28日は、村上さんの膨大で多様な、おもに70年代の資料を見せていただいた。当時の雑誌、朝日ジャーナルの同人誌特集、ミニコミから、「現代の眼」など新左翼系学生の読んだ雑誌、初期の「ぴあ」などから、様々な同人誌、村上さんが出していた「月光仮面通信」、当時のシングル・レコード、映画のチラシ、斉藤次郎の「まんがコミュニケーション」の終刊時の手紙というレアなものまで、まことに多種多様。が、同時代をマンガ青年として過ごした僕と村上さんが資料を前に語る話は、若い研究者たちにも興味深いものだったようだ。村上さんとは、すでに「歴史」となってしまい、今の研究者にはわかりにくいだろう当時の錯綜した文化状況や時代感覚など、どうしたら今の研究者に伝えられるんだろうと、最近話し合っていたのだ。

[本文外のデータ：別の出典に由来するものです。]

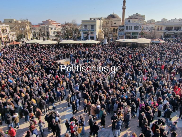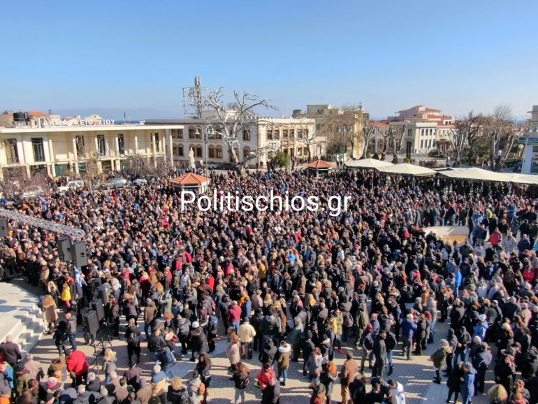 Χιλιάδες κόσμου έδωσαν δυναμικό παρών στη μεγαλειώδη κινητοποίηση στην πλατεία Βουνακίου, ανταποκρινόμενοι στο κάλεσμα της Περιφερειακής Ενότητας Χίου.
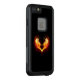 Angel fire heart with flaming wings on black background.
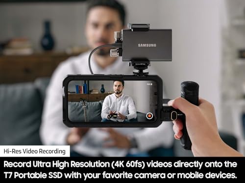 - HI RESOLUTION VIDEO RECORDING: Record Ultra High Resolution (4K 60fs) videos directly onto the T7 Portable SSD with your favorite camera or mobile devices; Supports iPhone 15 Pro Res 4K at 60fps video and more³
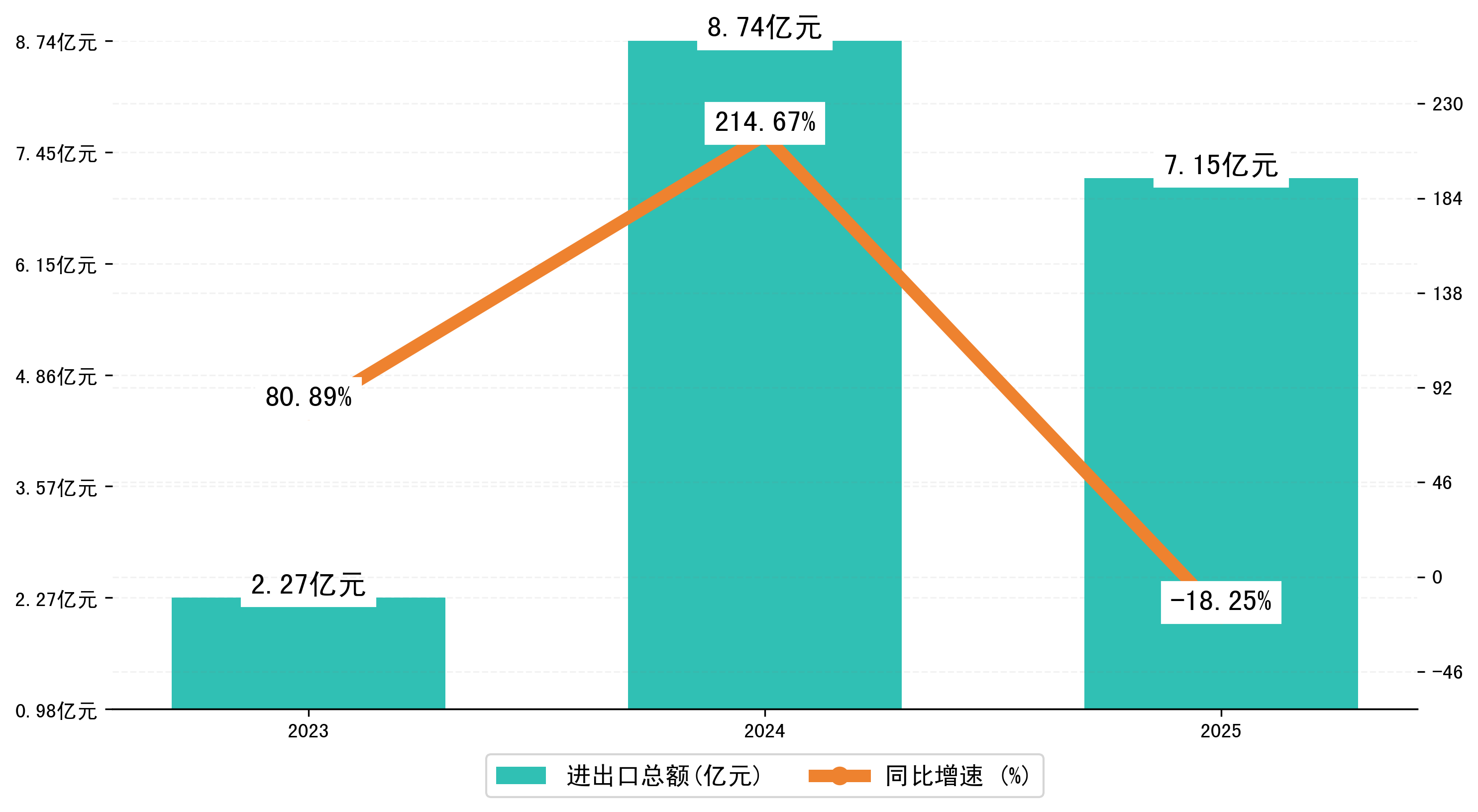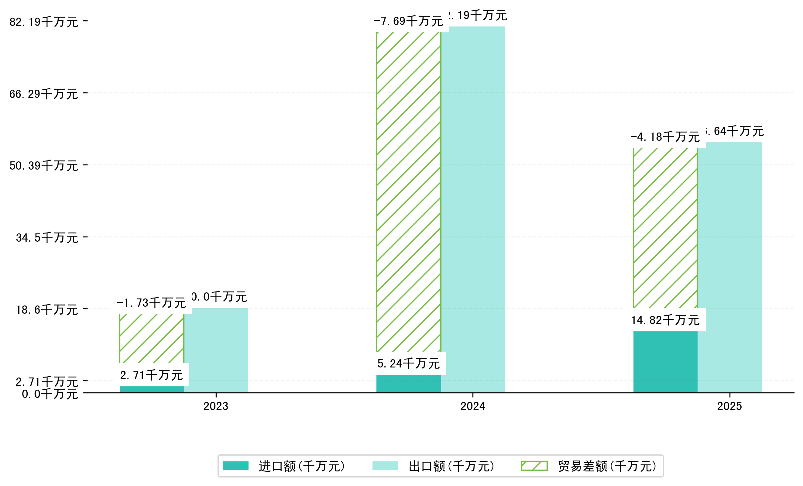以人民币计,2025年1月拉萨市贸易差额为4,1819,4915万元(贸易顺差),相比上月减少了5,5600,4255万元,即7731,2658万美元;相比上年同期减少了3,5130,2027万元,同比减少-45.65%。
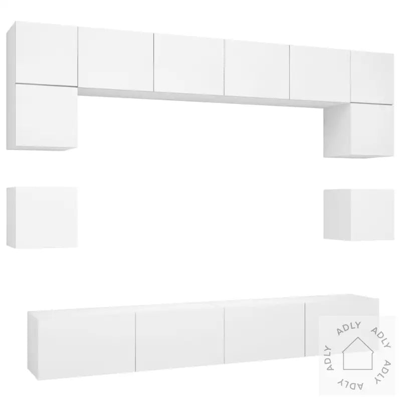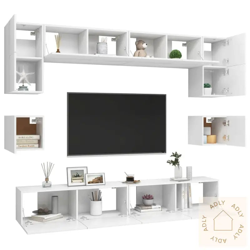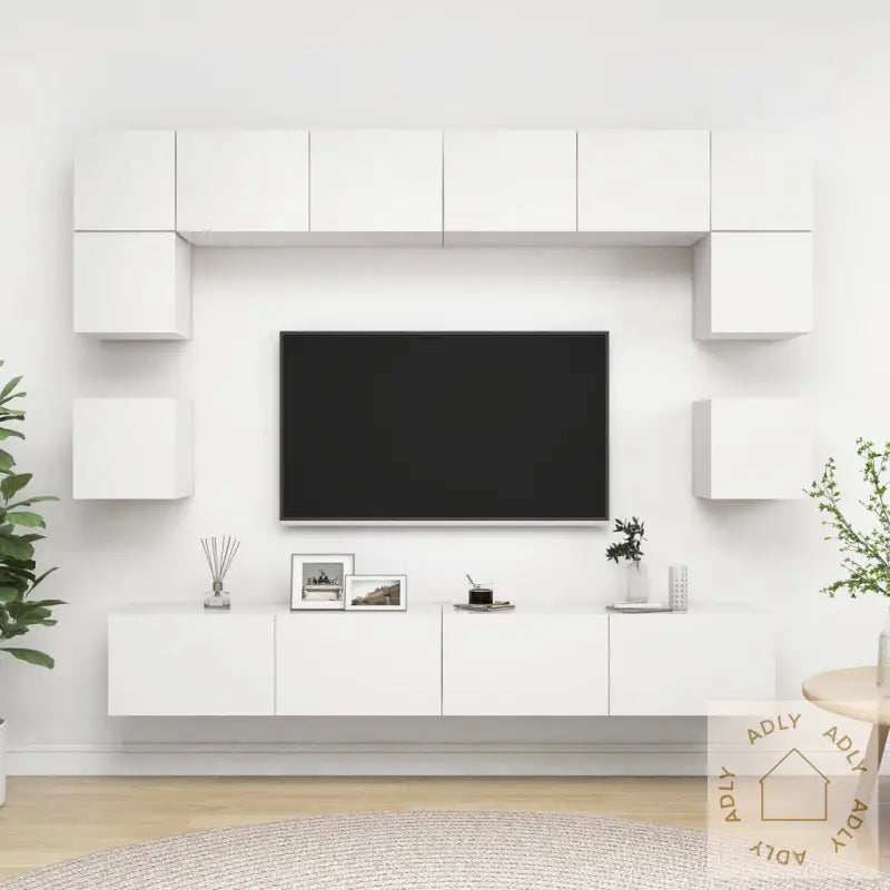 Farge: hvitMateriale: konstruert treMontering kreves: jaLeveransen inneholder:Mål 2 x TV-skap: 100 x 30 x 30 cm (B x D x H)Mål 2 x TV-skap: 80 x 30 x 30 cm (B x D x H)2 x TV-benker: 60 x 30 x 30 cm (B x D x H)2 x TV-benker: 30,5 x 30 x 30 cm (B x D x H)

あとで思ったのだが、ビデオで映像と音声を記録しておけば、資料整理にもずいぶん役に立ったのにと思った。機会を改めてやってもいいかもしれない。今後の課題であろう。
資料を見ると、一気に集中してしまって面白いのだが、はっきりいって疲れる。でも、非常に面白いし、色々と刺激的な旅行となった。さらに若い学生たちにも、もっと歴史の面白さをわかってもらえるといいなと思う。